**Task objective:**
Pictures stay out of the copy. Retype exactly the lines below from the one with "Meuble bar de" through the one with "6532 - حَدَّثَنَا".

**Dataset entries:**
──────────────────────────────

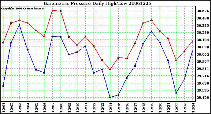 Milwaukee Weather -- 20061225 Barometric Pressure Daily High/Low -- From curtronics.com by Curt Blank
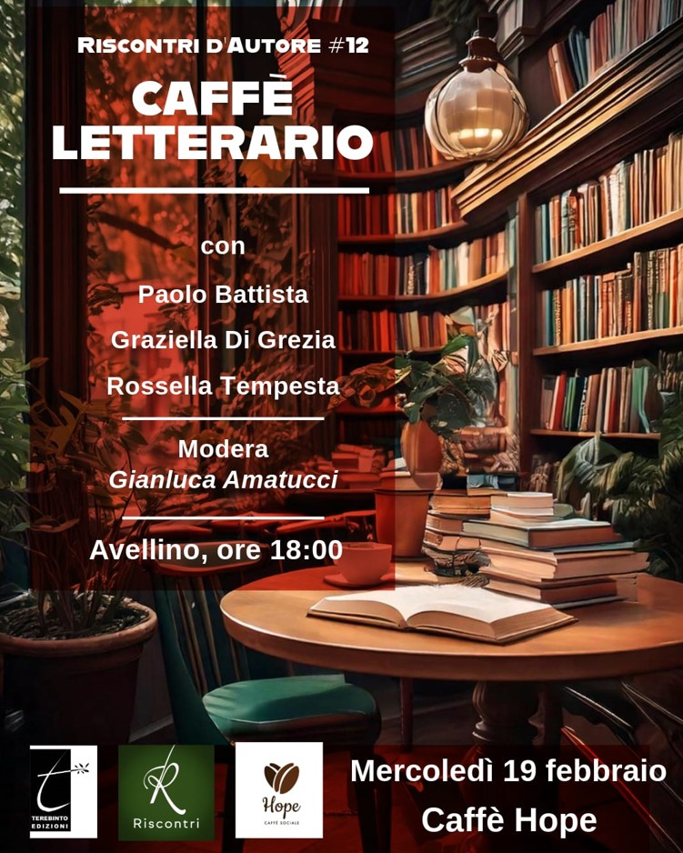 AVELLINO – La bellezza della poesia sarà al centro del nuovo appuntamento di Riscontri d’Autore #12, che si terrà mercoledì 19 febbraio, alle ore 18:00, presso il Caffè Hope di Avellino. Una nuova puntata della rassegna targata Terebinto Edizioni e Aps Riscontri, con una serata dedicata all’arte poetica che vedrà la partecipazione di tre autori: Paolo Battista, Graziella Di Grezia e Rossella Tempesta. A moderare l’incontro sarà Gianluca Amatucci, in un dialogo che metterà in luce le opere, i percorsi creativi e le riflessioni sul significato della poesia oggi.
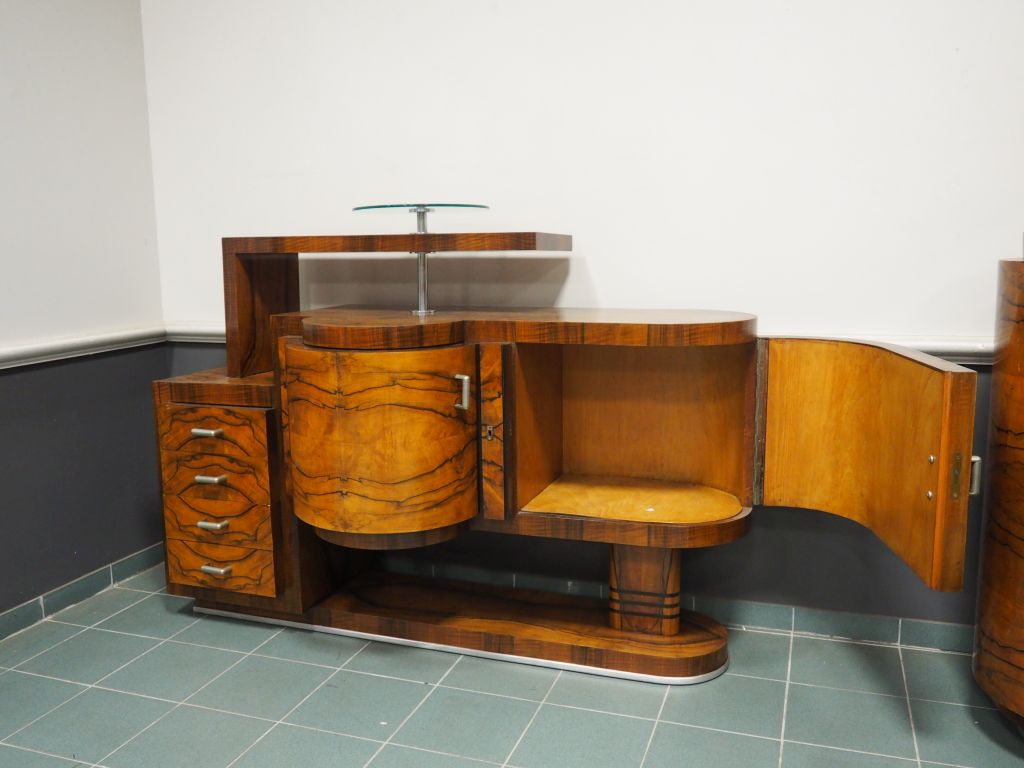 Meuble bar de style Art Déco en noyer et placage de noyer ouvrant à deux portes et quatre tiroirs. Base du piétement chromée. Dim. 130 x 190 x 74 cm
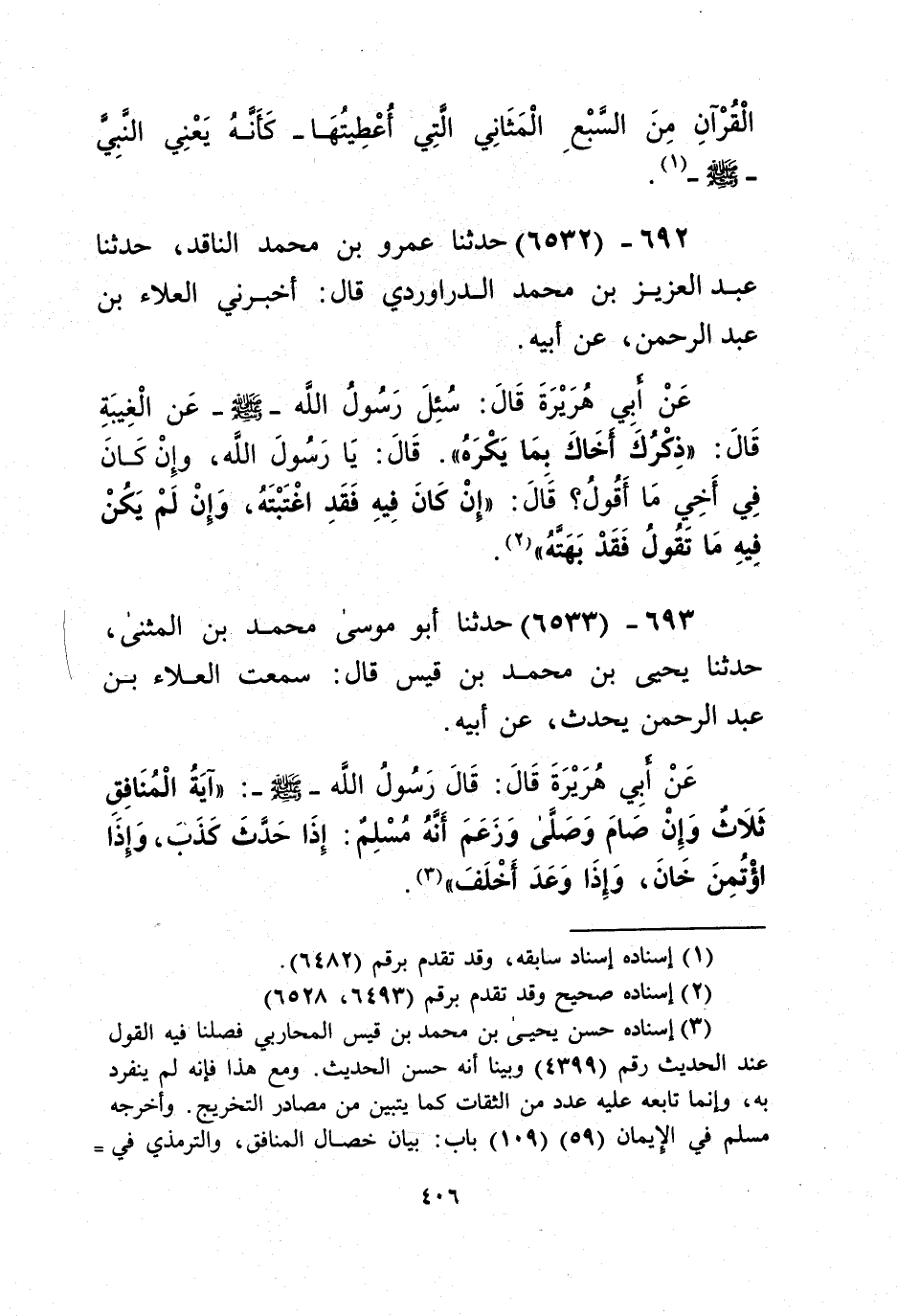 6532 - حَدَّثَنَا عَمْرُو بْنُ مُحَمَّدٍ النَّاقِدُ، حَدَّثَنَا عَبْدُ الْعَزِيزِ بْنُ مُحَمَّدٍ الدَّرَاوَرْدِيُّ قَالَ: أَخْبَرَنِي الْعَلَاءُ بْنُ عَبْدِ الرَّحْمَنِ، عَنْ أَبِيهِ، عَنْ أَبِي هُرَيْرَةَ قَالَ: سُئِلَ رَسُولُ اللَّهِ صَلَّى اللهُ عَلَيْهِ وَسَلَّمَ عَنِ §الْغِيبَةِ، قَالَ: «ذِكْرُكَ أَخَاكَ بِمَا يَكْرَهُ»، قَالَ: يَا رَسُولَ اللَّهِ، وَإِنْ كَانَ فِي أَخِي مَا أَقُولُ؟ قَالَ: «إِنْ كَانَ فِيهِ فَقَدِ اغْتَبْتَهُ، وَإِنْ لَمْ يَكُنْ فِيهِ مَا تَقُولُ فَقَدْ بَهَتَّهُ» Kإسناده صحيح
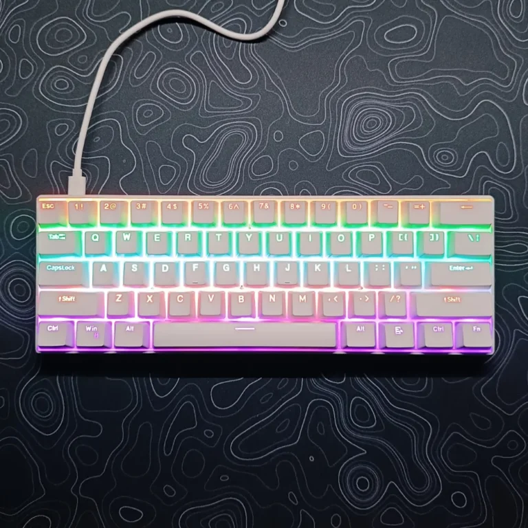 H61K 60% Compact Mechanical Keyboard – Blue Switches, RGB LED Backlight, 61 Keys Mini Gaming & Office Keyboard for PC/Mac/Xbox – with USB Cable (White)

──────────────────────────────

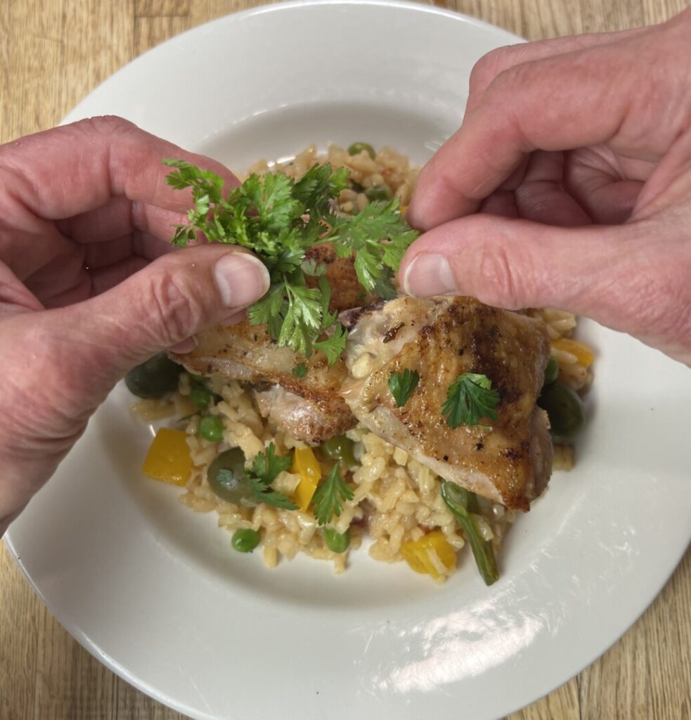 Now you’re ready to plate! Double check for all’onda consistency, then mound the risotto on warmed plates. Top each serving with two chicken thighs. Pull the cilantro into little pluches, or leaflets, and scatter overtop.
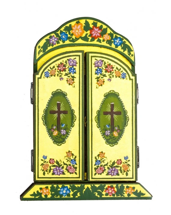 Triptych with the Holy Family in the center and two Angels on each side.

──────────────────────────────

**Response area:**
 Meuble bar de style Art Déco en noyer et placage de noyer ouvrant à deux portes et quatre tiroirs. Base du piétement chromée. Dim. 130 x 190 x 74 cm
 6532 - حَدَّثَنَا عَمْرُو بْنُ مُحَمَّدٍ النَّاقِدُ، حَدَّثَنَا عَبْدُ الْعَزِيزِ بْنُ مُحَمَّدٍ الدَّرَاوَرْدِيُّ قَالَ: أَخْبَرَنِي الْعَلَاءُ بْنُ عَبْدِ الرَّحْمَنِ، عَنْ أَبِيهِ، عَنْ أَبِي هُرَيْرَةَ قَالَ: سُئِلَ رَسُولُ اللَّهِ صَلَّى اللهُ عَلَيْهِ وَسَلَّمَ عَنِ §الْغِيبَةِ، قَالَ: «ذِكْرُكَ أَخَاكَ بِمَا يَكْرَهُ»، قَالَ: يَا رَسُولَ اللَّهِ، وَإِنْ كَانَ فِي أَخِي مَا أَقُولُ؟ قَالَ: «إِنْ كَانَ فِيهِ فَقَدِ اغْتَبْتَهُ، وَإِنْ لَمْ يَكُنْ فِيهِ مَا تَقُولُ فَقَدْ بَهَتَّهُ» Kإسناده صحيح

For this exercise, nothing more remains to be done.